L'autre source de nouveaux travailleurs, l'immigration, continue de décliner. Le nombre d'immigrants légaux devenant résidents permanents a culminé en 1991 à 1,8 million et a diminué depuis à environ 600 000. Les immigrants ont tendance à être plus jeunes et peuvent donc retarder une partie du rétrécissement de la population active. L'immigration ajoute plus à la population du millénaire (née entre 1981 et 1996) qu'à toute autre catégorie. Mais le bénéfice sera de courte durée puisque la population millénaire est estimé pour atteindre un sommet en 2033. Après cela, l'âge et la mortalité l'emporteront probablement sur les gains de l'immigration.

En bref, les États-Unis ont maintenant un taux de croissance démographique de seulement 0,48%. La dernière fois que le taux était aussi bas, c'était lors de la pandémie de grippe de 1918 à 1919.

Que peuvent faire les recruteurs?

Avec 2,5 travailleurs au chômage pour chaque emploi ouvert, il peut sembler qu'il y ait beaucoup de travailleurs autour. Mais comme le montrent les statistiques ci-dessus, la réalité est très différente et ne fait qu'empirer. Le nombre de travailleurs disponibles continuera de diminuer. Et l'ampleur de l'écart entre les travailleurs disponibles et les emplois vacants suggère fortement que pour de nombreux types d'emplois, le la chaîne d'approvisionnement des talents est cassée ou qu'il existe un décalage entre la demande et les compétences développées dans la main-d'œuvre.

L'automatisation et l'intelligence artificielle peuvent éventuellement aider à combler l'écart, mais quand cela se produit, personne ne le suppose.

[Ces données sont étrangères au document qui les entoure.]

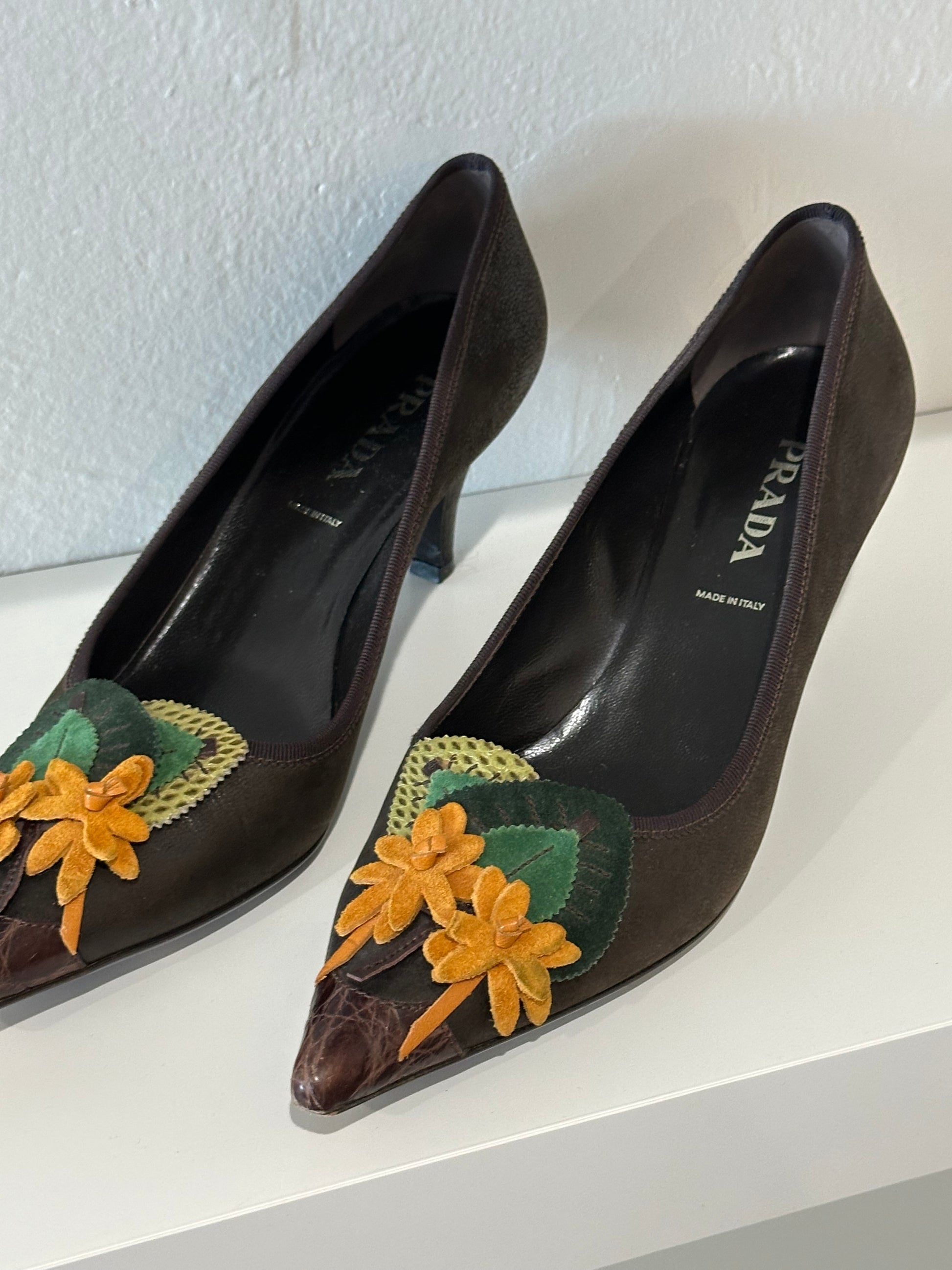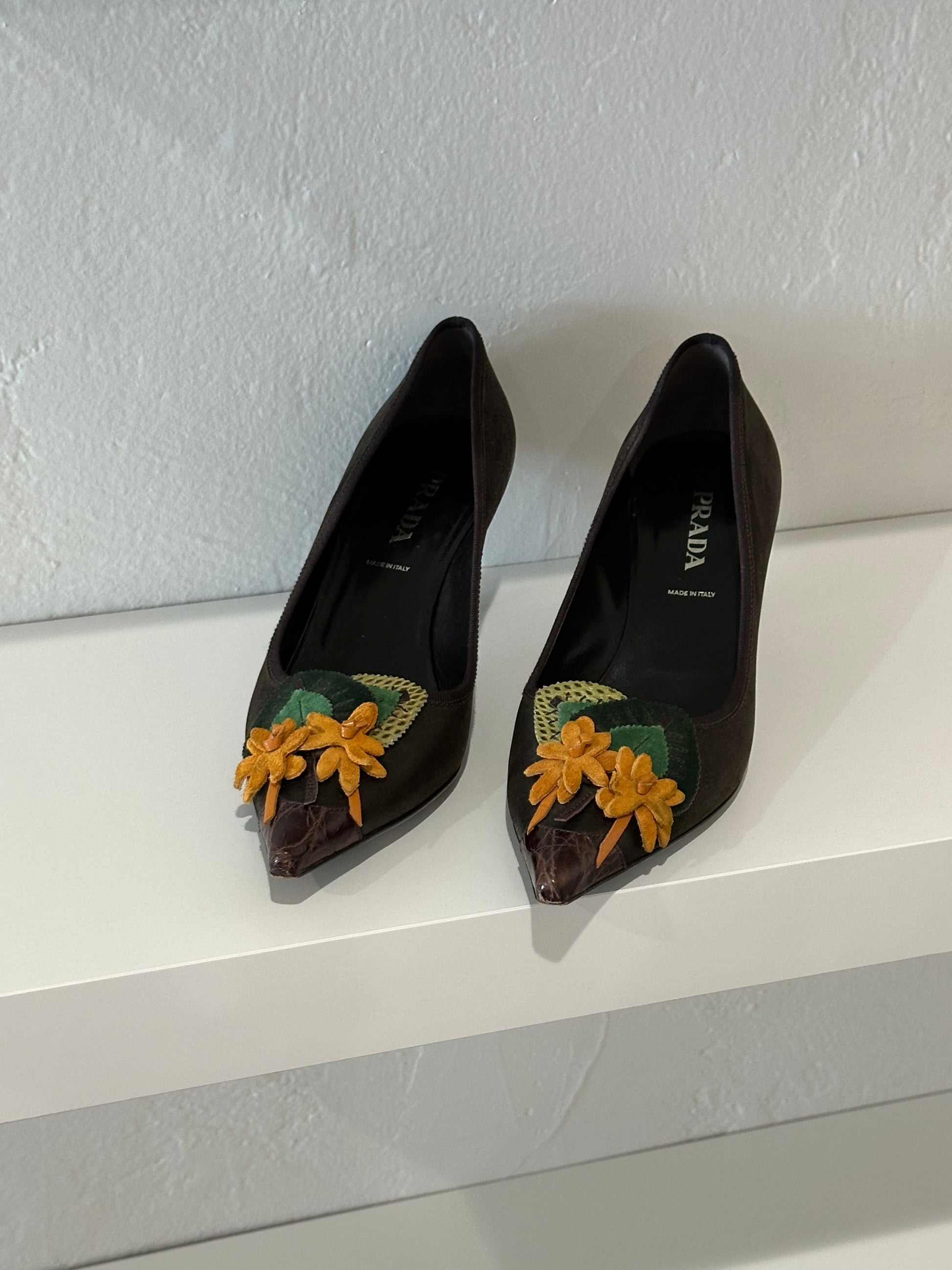 Brown leather Prada heels. Features a floral appliqué on toe, and kitten heels with 2.75” in heel. In excellent condition with some wear at sole.

Avec une main-d'œuvre vieillissante, une option consiste à requalifier les travailleurs. Certains efforts sont faits pour ce faire, comme le Échange de données d'emploi (JDX) projet lancé par la Chambre de commerce des États-Unis. JDX est conçu pour aider les employeurs à adopter une approche de l'embauche basée sur les compétences, au lieu de s'appuyer sur des diplômes ou des diplômes. JDX recueille des données d'embauche et les met à la disposition des partenaires de l'éducation et de la main-d'œuvre qui aident les étudiants et les demandeurs d'emploi à se préparer à la vie active. L'objectif est d'envoyer de meilleurs signaux sur les exigences en matière de compétences de la part du monde des affaires et d'aider les demandeurs d'emploi à trouver des opportunités en fonction des compétences et des compétences.

Au niveau local, il existe de nombreux programmes destinés à aider les employeurs à combler l'écart entre l'offre et la demande. Par exemple, EmployIndy à Indianapolis fournit aux employeurs une plate-forme pour le partage de données sur les emplois et l'utilisation des informations du système de chômage pour faire correspondre les candidats. Divers programmes spécifiques à l'industrie, tels que le Subventions d'occasions professionnelles de la santé (HPOG) offrent une éducation et une formation qui ciblent les compétences et aptitudes recherchées. De nombreux collèges communautaires se tournent également vers fournir aux étudiants une formation de la main-d'œuvre non créditée au lieu de degrés.

Ce sont de petites étapes, mais nous avons besoin de beaucoup plus grandes. Les États-Unis dépensent à peine 0,1% du PIB sur les programmes destinés à aider les adultes à trouver un nouvel emploi, soit un quart de plus que la moyenne des pays développés. Avec des déficits de plusieurs milliers de milliards, la volonté d'augmenter les dépenses est peut-être limitée, mais c'est un domaine dans lequel cela produirait des avantages majeurs à long terme.